Anish Moonka@anishmoonka

Winston Churchill fought his depression with bricks. He'd lay them for hours at his country home in Kent. He joined the bricklayers' union. And in 1921 he wrote about why it worked. It took psychology another 75 years to catch up. He called his depression the "Black Dog." It followed him for decades. His method for fighting it back was as basic as it sounds: laying brick after brick, hour after hour. Churchill spelled out his theory in a long essay for The Strand Magazine. People who think for a living, he wrote, can't fix a tired brain just by resting it. They have to use a different part of themselves. The part that moves the eyes and the hands. Woodworking, chemistry, bookbinding, bricklaying, painting. Anything that drags the body into a problem the mind can't solve by itself.
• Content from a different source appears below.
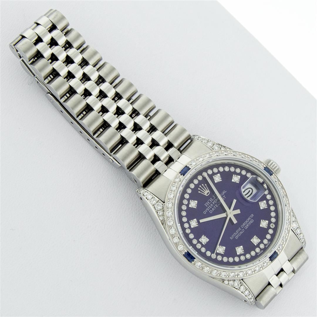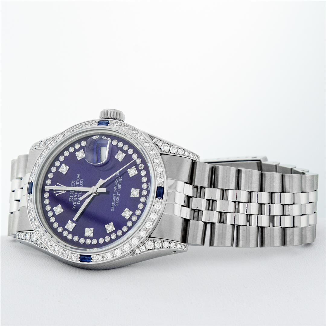 One Mens Rolex Datejust Polished Bright with Satin Finish, Serviced & Electronically Tested, Stainless Steel Case: 36mm, Custom Diamond Lugs: 28 Diamonds On Lugs, Color: G to H, Clarity: SI-VS. Stainless Steel Crown, Custom Bezel: 18K White Gold Diamond + Sapphire Beadset, Diamond Count: 36 Diamonds + 4 Sapphires, Total Weight 1.00 Carat, Clarity: SI-VS, Color: G to H. Custom Crystal: New Scratch Resistant Synthetic Sapphire Cyclops Lens. Custom Hands: New Luminescent Hands. Movement: Automatic Winding Movement. Custom Dial: Blue String Diamond Dial, Stone Count: 43 Diamonds On Dial, Diamond Color: G To H In Color, Clarity: VS. Date Window: 3 O'Clock Position Date Display, Quickset, Model: Datejust Condition: G-6 Extra Fine. Bracelet: Stainless Steel Jubilee Band. Bright Polish & Satin Finish. 7.0 Inch Length, Adjustable. Standard Clasp, With Rolex Logo. This Watch Has Been Serviced And Polished And Its Free Of All Dents And Scratches.

Modern psychology now calls this behavioral activation. It's one of the most-studied depression treatments out there. Depression sets a behavior trap. You feel bad, so you stop doing things, and doing less means less to feel good about. Feeling worse makes you do even less. The loop tightens until you can't breathe inside it. Behavioral activation breaks the loop from the action side. You schedule the activity first, even when every part of you doesn't want to. Doing it produces small rewards: a wall gets straighter, a painting fills in, a messy room gets clean. Those small rewards slowly rewire the brain. Action comes first, and the feeling follows. Researchers at the University of Washington put this to the test in 2006. They studied 241 adults with major depression and compared three treatments: behavioral activation, regular talk therapy, and antidepressants. For the people who were most severely depressed, behavioral activation matched the drugs. It beat the talk therapy. A 2014 review of more than 1,500 patients across 26 trials backed up the result. Physical work like bricklaying does something extra on top of this. It crowds out rumination, the looping bad thoughts that grind people down during the worst stretches of depression. Bricklaying needs both hands and gives feedback brick by brick: each one is straight or crooked. After an hour you can see exactly how much wall you built. No room left for the mental chewing. The line George Mack used in his post, "depression hates a moving target," is good poetry. The science behind it is sharper. Depression hates a brain that has somewhere else to be.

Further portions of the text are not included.